Satire/CW-Wert

12.01.1996

Boykott? Protest? Find ich echt geil. Denen da oben mal so richtig beibiegen, was Sache ist. Egal, ob Firmenbossen oder Politikern. Im Zeitalter grenzenloser digitaler Kommunikation, da jeder sein ganz persoenliches, politisch-philosophisches Stimmungsbild absondern und vor allem tausendfach verbreiten kann, macht Meinungsbildung ja auch erst so richtig Sinn, bricht sich basisdemokratische Euphorie Bahn auf den nationalen und internationalen Datenautobahnen. Da kommen uns die Gschaftlhuber von der bayerischen Staatsanwaltschaft gerade recht, die dem devoten Compuserve-Management abnoetigen, Papi die Abendlektuere zu vermiesen! Jetzt ist unser Protest gefragt.
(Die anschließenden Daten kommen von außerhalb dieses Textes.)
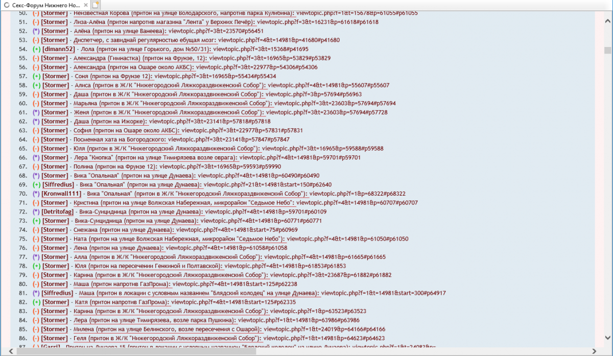 Вызвали у меня наибольшый интерес , паскоку аснавательно примелькались исчо эн лет нозат (присмареццо хатябы к дате на снимке Валерия - (Фотка №0008).jpg ). Присуцтвавали ани и ф ныне жывой онкете http://privatnnover.com/women/1029 (ДА706!) с неизвестным ценнегом и номером тиляфона "902-688-17-08" [ +79026881708 ] , принадлежало сиё чюдо прероды диспеччерской сети с условным названием "Володарка-Генкиной" (сцылка мертва ), каторая сафременем апсалютно выродилась и стала "водить" лишь ф "Розовый Жемчуг" и кантору с условным названием "МГ/Р", што, тащем-то, не пративаречит риально наблядаемай кортинке , веть телефон "905-664-29-76" [ +79056642976 ] прозванивалсо мною неаднакратно - ведёт он куда-то на Невзоровых, точьных данных нет (3.0к-онкеты Лох не мамонт - лох не вымрет.jpg не жалую - хажу па таким васнафном, када саффсем уш пазванить больше некуда , патаму и не дашол да места дасихпор... видима, фсио-таки придёццо сабрать яйтса ф кулак и дайти ), но первоя кандидатура ф списке - ето хата канторы с услофным названием "МГ/Р", так што буттьте начеку и не зобывайте, што, если и хажывать туды - то не дароже, чем за 2.5к (хатя йа там за фсе паследние годы неприпаменаю не адной макращолки, каторая и на ету сумму вытянула бы ). Ну а тиаритически ето может быть фсио, што угодно - фплоть до хаты диспеччерской сети с условным названием "Обитель Крикуши" .
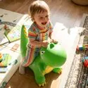 - velký nafukovací skákající dinosaurus , který dítě okamžitě povzbuzuje k pohybu a aktivní hře

Keiner, der nicht eine Meinung zur bajuwarischen Digitalzensur haette. Prompt wacht auch der ahnungsloseste Internet-Surfer auf, um mit flammender Schrift durch die deutsche Sprache zu holpern. Stuempern Legionen selbsternannter Historiker von einem peinlichen Vergleich zum naechsten. Wird flachgeschrieben, was hohem Anspruch gerecht werden will. Schuetten Internet-Surfer deutschen Gerstensaft vor Goethe-Institute und muellen die Datenautobahnen zu mit staatsbuergerlicher Aufgeregtheit. Es ist ja auch wirklich einfach, Ressentiments aufleben zu lassen und Vorurteile zu pflegen. Da wollen wir mal grosszuegig uebersehen, dass Nazis ihren braunen Diskurs im Internet pflegen und Scientology ihre Heilslehre digitaliter an die Hilfsbeduerftigen dieser Welt verschickt. So genau soll unsere Empoerung dann doch nicht sein.